The tragedy is that the game lets them down. There are extensive singleplayer modes to practise and refine every single technique for every character, as well as an arcade mode and countless ways to customise fighters. But if the online matches aren’t fun for us to play then all the tournaments, ranking points and video channels are just so much fluff. It’s an impressive creation, but who cares?

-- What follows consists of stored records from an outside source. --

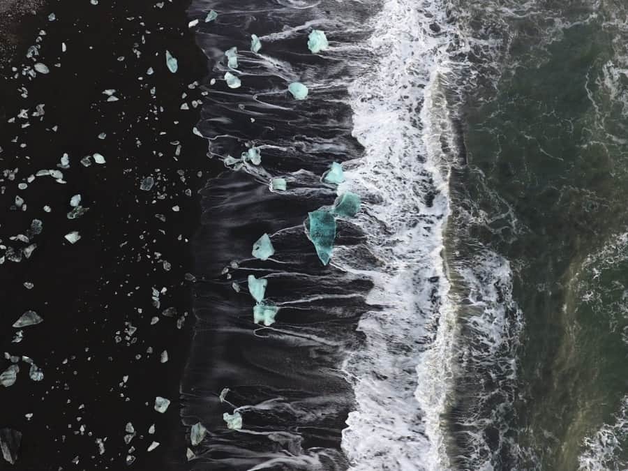 Right off of Route 1, the lagoon is full of jagged bobbing chunks of glacier that have floated down toward the ocean from the Jökulsárlón Glacier. At first glance, the glacier chunks appear statuesque, standing completely still in the freezing water. The more time we spent on the shoreline, the more we noticed the giant glacier pieces would sway and move in the water. While we marveled on the shoreline, at our feet were tiny pieces of glacier ice that looked as if someone scattered shattered glass near the water.
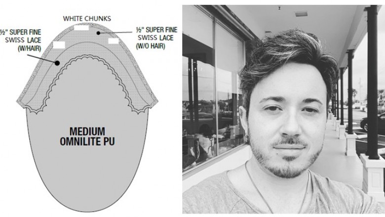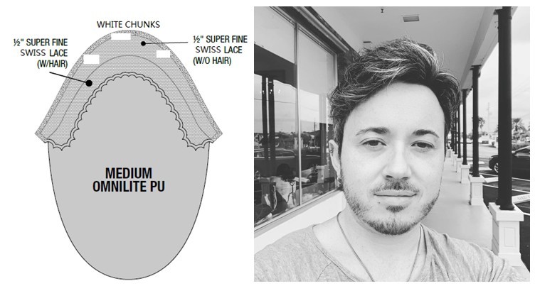 Below is a custom-made hair system required by Nate in the right picture. It has Swiss transparent lace in the front and super thin PU material in the back. The hair color is 1B30 in the front gradually transitioning to 1B20 in the back. The hair density is 95% in the front and becomes gradually thicker to 100% in the back. This custom order has three white chunks of hair added to the front hairline to create a very fashionable and cool appearance.
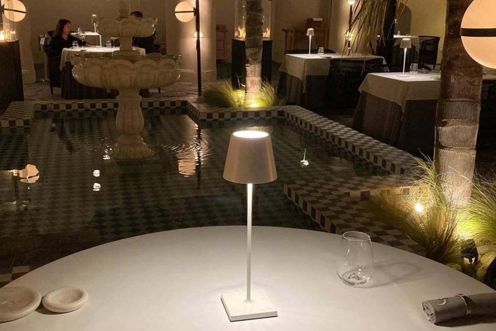 An elegant grey aluminium body with a white polycarbonate shade for atmospheric, diffused lighting. Dimmable via touch with two warm white options (2200K–2700K) and memory function—up to 90 hours on low or 7 hours bright. Perfect for open-air dining tables that see real rain, with a sleek charging station for easy top-ups.

Don’t take that to imply this is a particularly good PC version, either. Street Fighter X Tekken is, as Capcom cheerfully admit, a functionally identical port of the Xbox 360 version. Bad enough, but the 360 version was inferior to the PlayStation 3’s in the first place, lacking local co-op play (in a team fighting game!), and your five gigabyte download includes a bevvy of characters locked until Capcom graciously allow you to buy them at some point in the future. Regardless of whether Street Fighter X Tekken is the best game in the world or not, that’s a scummy tactic – and Capcom’s money-obsessed form with Street Fighter IV suggests there’s a lot more to come.

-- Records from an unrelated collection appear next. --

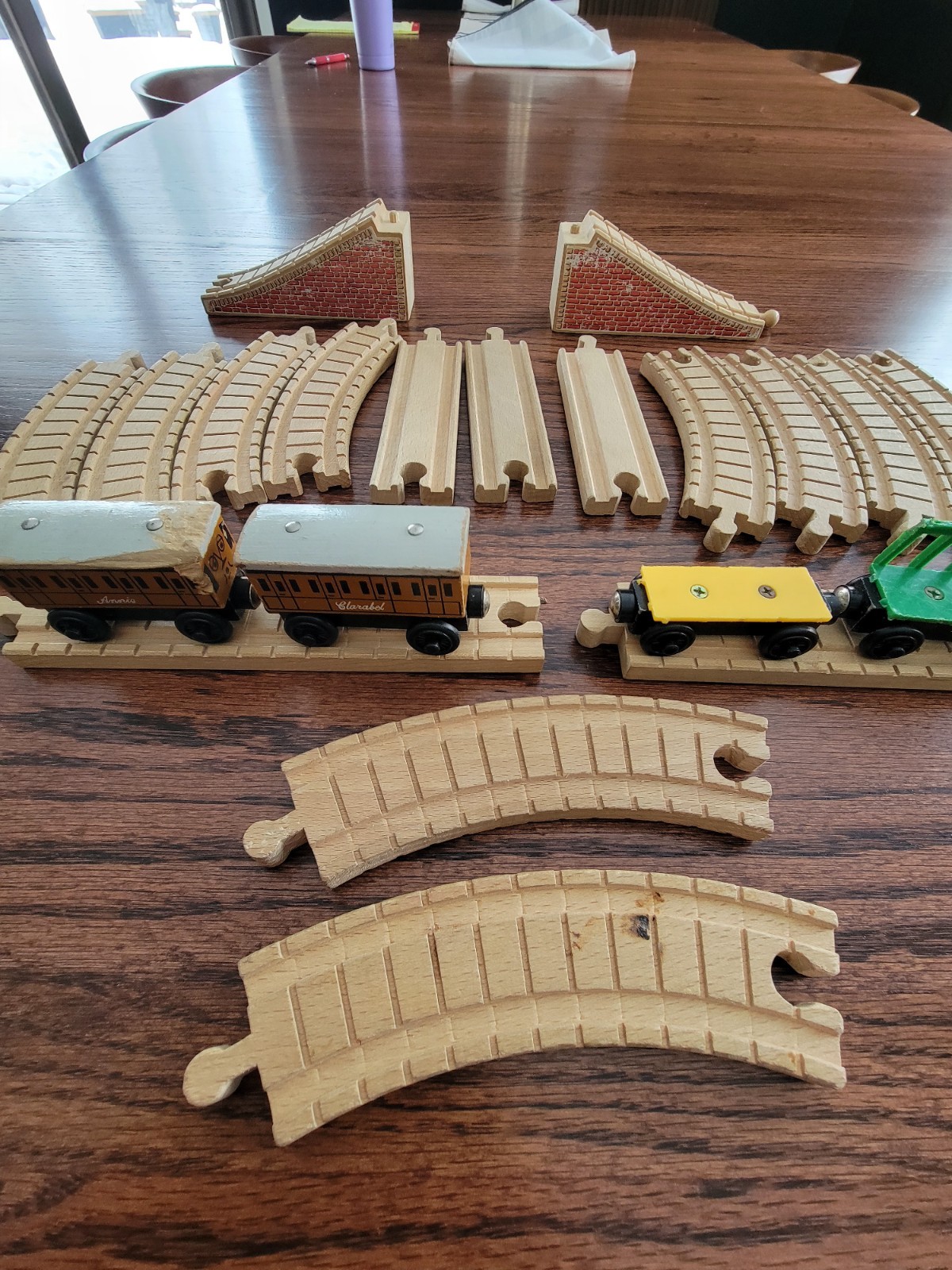 Large Lot 21 Pcs Wooden Train And Track Pieces Brio Thomas Compatible
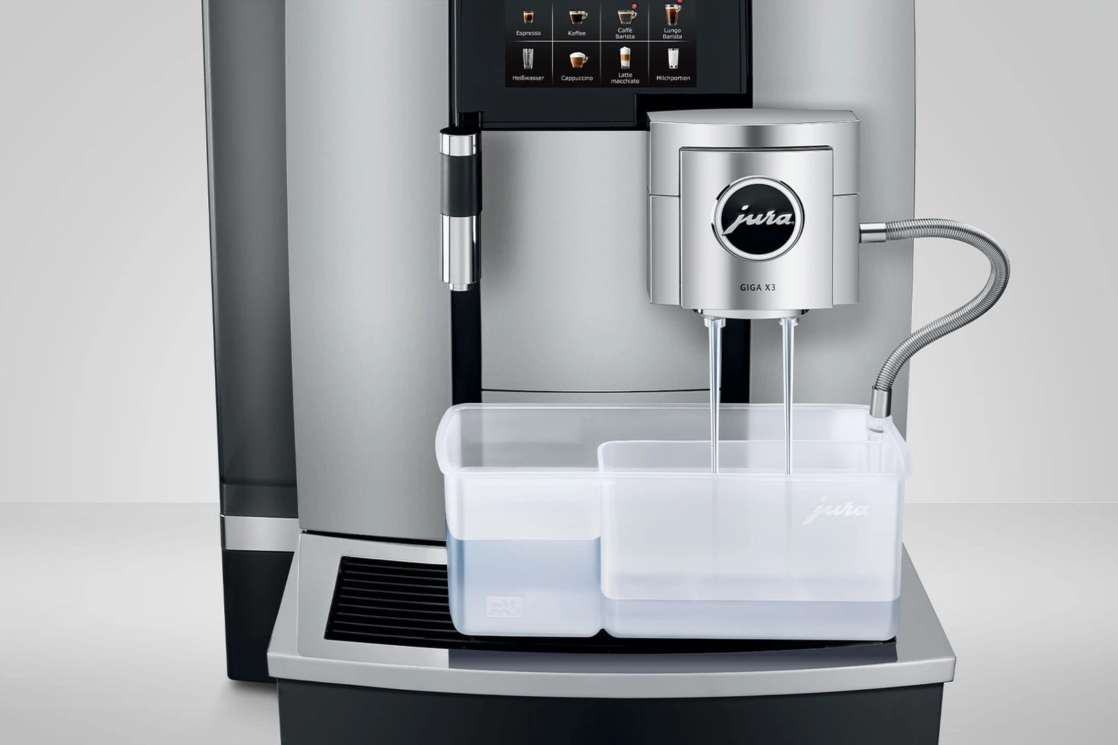 Ekspres GIGA X3 jest kompatybilny z szeroką gamą akcesoriów, takich jak podgrzewacz do filiżanek czy systemy rozliczeniowe, co pozwala na dopasowanie urządzenia do indywidualnych potrzeb firmy lub punktu gastronomicznego. W zestawie znajduje się, wężyk do spieniacza mleka, filtr do wody CLARIS oraz nadajnik Smart Connect, umożliwiający obsługę ekspresu przez aplikację oraz integrację z systemami płatności mobilnych Ekspres wyposażony jest również w funkcje automatycznego czyszczenia i odkamieniania, co znacznie ułatwia utrzymanie higieny. Oryginalne produkty do konserwacji oraz zintegrowane programy płukania i czyszczenia zapewniają bezpieczeństwo użytkowania i certyfikat higieniczny TÜV.
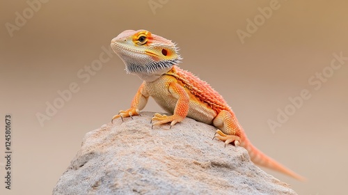 A vibrant bearded dragon perched on a rock, basking in warm sunlight against a blurred backdrop
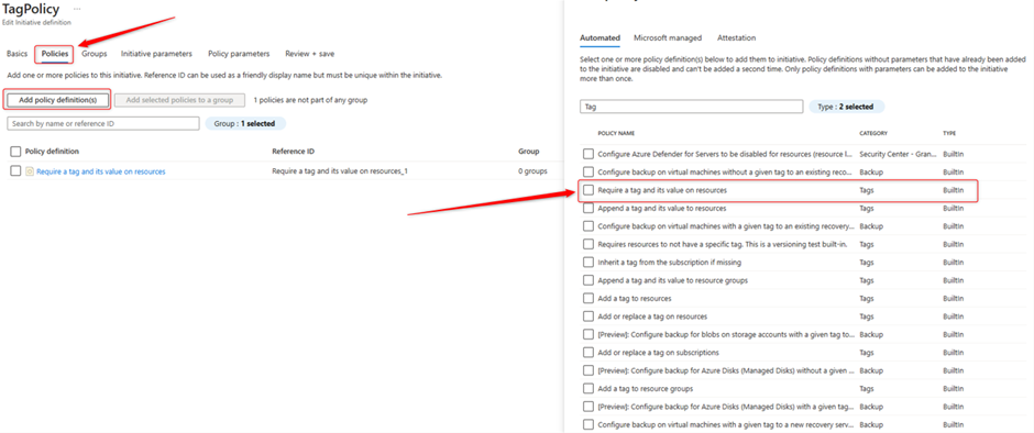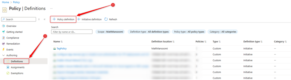 3-In the first place you can create the definitions with details like location, name. as you see I have created ‘TagPolicy’, from the second tab ‘Policy’ you can choose many built-in policies, for this example I want to force the user to have two tags once they’re trying to create new resource.
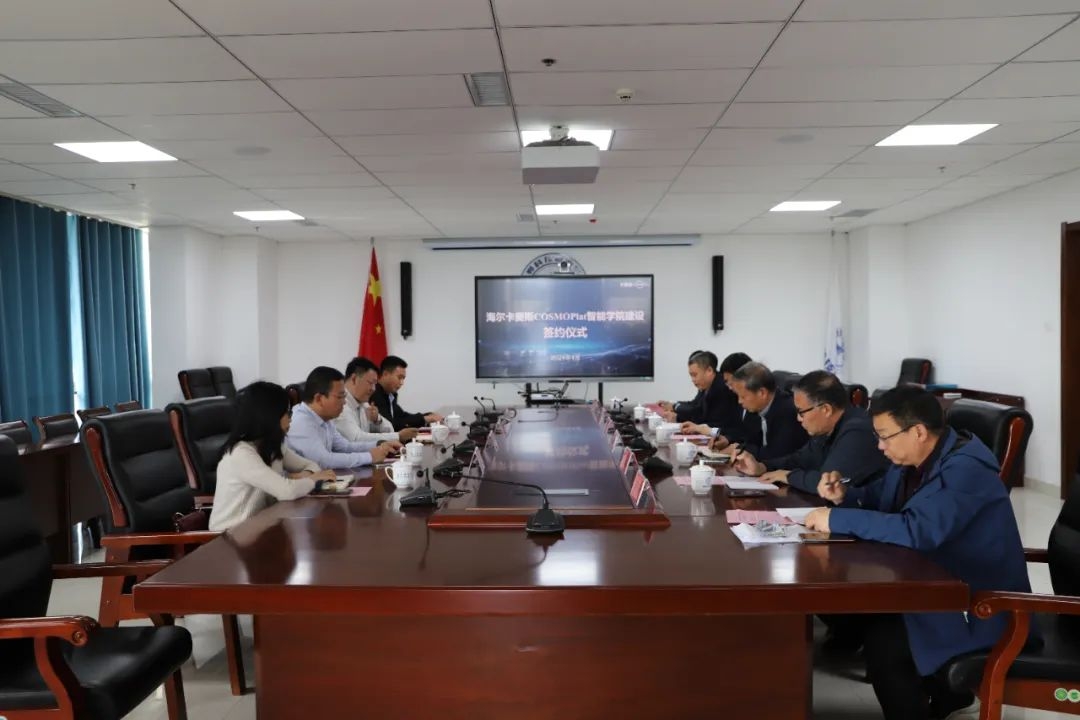 4月30日下午,邯鄲科技職業(yè)學院在職教城國際學術交流中心621會議室舉行海爾卡奧斯COSMOPlat智能學院建設簽約儀式。學院黨委委員、副院長任利民,學院黨委委員于保國,行文智教大區(qū)運營總監(jiān)于非、副總經(jīng)理張治安、河北區(qū)域經(jīng)理范志浩、盧瑞出席簽約儀式。

None of this would matter if the fighting was better. There are stretches of X Tekken where it seems to work perfectly, with the right combinations of characters and similarly skilled players resulting in tense standoffs where every hit counts. But it’s never too long before the loading screen shows your opponent has picked Poison and Hugo, and you know before the fight starts that they’ve memorised these characters’ simple back-and-forth chains of combos. Those low expectations are duly realised. You should be excited when a fight’s starting, not resigned.
It feels almost incredible to say it, but Street Fighter X Tekken is a bad game. It doesn’t seem like a bad game, because everything looks amazing and in your hands the controls are fluid and punchy. But as soon as you start playing online, patterns are quickly spotted, and soon they become dominant themes. Such is the time you spend unable to influence the on-screen action that Street Fighter X Tekken just feels like a big drag.
Played offline or with a mate, this is a decent scrapper. But going beyond casual play is impossible, because Street Fighter X Tekken’s clearly deep combat system is riven by an all-consuming flaw that rapidly smothers your interest. This game was given an easy ride on consoles, but don’t be taken in. That’s not a gi Ryu’s wearing – it’s the emperor’s new clothes.